What to produce: From the first line to the last, return the data exactly as it stands.

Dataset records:
***

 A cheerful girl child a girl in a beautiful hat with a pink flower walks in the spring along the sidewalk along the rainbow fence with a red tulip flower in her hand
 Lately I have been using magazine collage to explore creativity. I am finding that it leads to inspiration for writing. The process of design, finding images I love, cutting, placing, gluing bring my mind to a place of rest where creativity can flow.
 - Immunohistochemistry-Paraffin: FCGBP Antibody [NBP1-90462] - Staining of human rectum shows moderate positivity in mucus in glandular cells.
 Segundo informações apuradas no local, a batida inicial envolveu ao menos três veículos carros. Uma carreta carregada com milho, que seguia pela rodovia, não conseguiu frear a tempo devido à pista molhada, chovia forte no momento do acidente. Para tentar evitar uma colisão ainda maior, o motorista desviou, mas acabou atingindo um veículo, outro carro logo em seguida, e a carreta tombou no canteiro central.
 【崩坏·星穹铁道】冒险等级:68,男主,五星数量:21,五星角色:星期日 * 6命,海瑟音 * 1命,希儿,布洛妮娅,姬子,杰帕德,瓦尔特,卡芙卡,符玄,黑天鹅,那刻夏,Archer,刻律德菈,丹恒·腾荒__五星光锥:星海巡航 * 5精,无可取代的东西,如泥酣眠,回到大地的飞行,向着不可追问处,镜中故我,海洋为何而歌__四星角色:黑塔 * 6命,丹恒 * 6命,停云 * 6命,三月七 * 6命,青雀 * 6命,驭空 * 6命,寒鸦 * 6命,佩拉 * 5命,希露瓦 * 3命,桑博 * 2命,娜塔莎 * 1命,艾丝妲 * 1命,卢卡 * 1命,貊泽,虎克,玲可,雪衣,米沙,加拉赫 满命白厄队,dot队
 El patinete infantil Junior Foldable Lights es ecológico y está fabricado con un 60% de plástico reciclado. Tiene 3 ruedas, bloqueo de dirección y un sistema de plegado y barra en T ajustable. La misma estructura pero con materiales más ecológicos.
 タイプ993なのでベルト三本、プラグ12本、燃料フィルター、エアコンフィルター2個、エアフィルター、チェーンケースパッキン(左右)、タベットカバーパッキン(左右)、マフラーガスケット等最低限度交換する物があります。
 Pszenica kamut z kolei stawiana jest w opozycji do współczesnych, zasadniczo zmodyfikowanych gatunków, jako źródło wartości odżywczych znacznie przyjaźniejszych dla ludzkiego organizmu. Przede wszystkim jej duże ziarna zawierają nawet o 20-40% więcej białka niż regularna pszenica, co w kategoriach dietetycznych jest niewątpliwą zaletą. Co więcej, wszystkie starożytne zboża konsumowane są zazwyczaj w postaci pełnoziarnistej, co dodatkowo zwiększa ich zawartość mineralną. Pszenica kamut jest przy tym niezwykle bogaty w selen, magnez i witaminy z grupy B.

***

Answer space:
 A cheerful girl child a girl in a beautiful hat with a pink flower walks in the spring along the sidewalk along the rainbow fence with a red tulip flower in her hand
 Lately I have been using magazine collage to explore creativity. I am finding that it leads to inspiration for writing. The process of design, finding images I love, cutting, placing, gluing bring my mind to a place of rest where creativity can flow.
 - Immunohistochemistry-Paraffin: FCGBP Antibody [NBP1-90462] - Staining of human rectum shows moderate positivity in mucus in glandular cells.
 Segundo informações apuradas no local, a batida inicial envolveu ao menos três veículos carros. Uma carreta carregada com milho, que seguia pela rodovia, não conseguiu frear a tempo devido à pista molhada, chovia forte no momento do acidente. Para tentar evitar uma colisão ainda maior, o motorista desviou, mas acabou atingindo um veículo, outro carro logo em seguida, e a carreta tombou no canteiro central.
 【崩坏·星穹铁道】冒险等级:68,男主,五星数量:21,五星角色:星期日 * 6命,海瑟音 * 1命,希儿,布洛妮娅,姬子,杰帕德,瓦尔特,卡芙卡,符玄,黑天鹅,那刻夏,Archer,刻律德菈,丹恒·腾荒__五星光锥:星海巡航 * 5精,无可取代的东西,如泥酣眠,回到大地的飞行,向着不可追问处,镜中故我,海洋为何而歌__四星角色:黑塔 * 6命,丹恒 * 6命,停云 * 6命,三月七 * 6命,青雀 * 6命,驭空 * 6命,寒鸦 * 6命,佩拉 * 5命,希露瓦 * 3命,桑博 * 2命,娜塔莎 * 1命,艾丝妲 * 1命,卢卡 * 1命,貊泽,虎克,玲可,雪衣,米沙,加拉赫 满命白厄队,dot队
 El patinete infantil Junior Foldable Lights es ecológico y está fabricado con un 60% de plástico reciclado. Tiene 3 ruedas, bloqueo de dirección y un sistema de plegado y barra en T ajustable. La misma estructura pero con materiales más ecológicos.
 タイプ993なのでベルト三本、プラグ12本、燃料フィルター、エアコンフィルター2個、エアフィルター、チェーンケースパッキン(左右)、タベットカバーパッキン(左右)、マフラーガスケット等最低限度交換する物があります。
 Pszenica kamut z kolei stawiana jest w opozycji do współczesnych, zasadniczo zmodyfikowanych gatunków, jako źródło wartości odżywczych znacznie przyjaźniejszych dla ludzkiego organizmu. Przede wszystkim jej duże ziarna zawierają nawet o 20-40% więcej białka niż regularna pszenica, co w kategoriach dietetycznych jest niewątpliwą zaletą. Co więcej, wszystkie starożytne zboża konsumowane są zazwyczaj w postaci pełnoziarnistej, co dodatkowo zwiększa ich zawartość mineralną. Pszenica kamut jest przy tym niezwykle bogaty w selen, magnez i witaminy z grupy B.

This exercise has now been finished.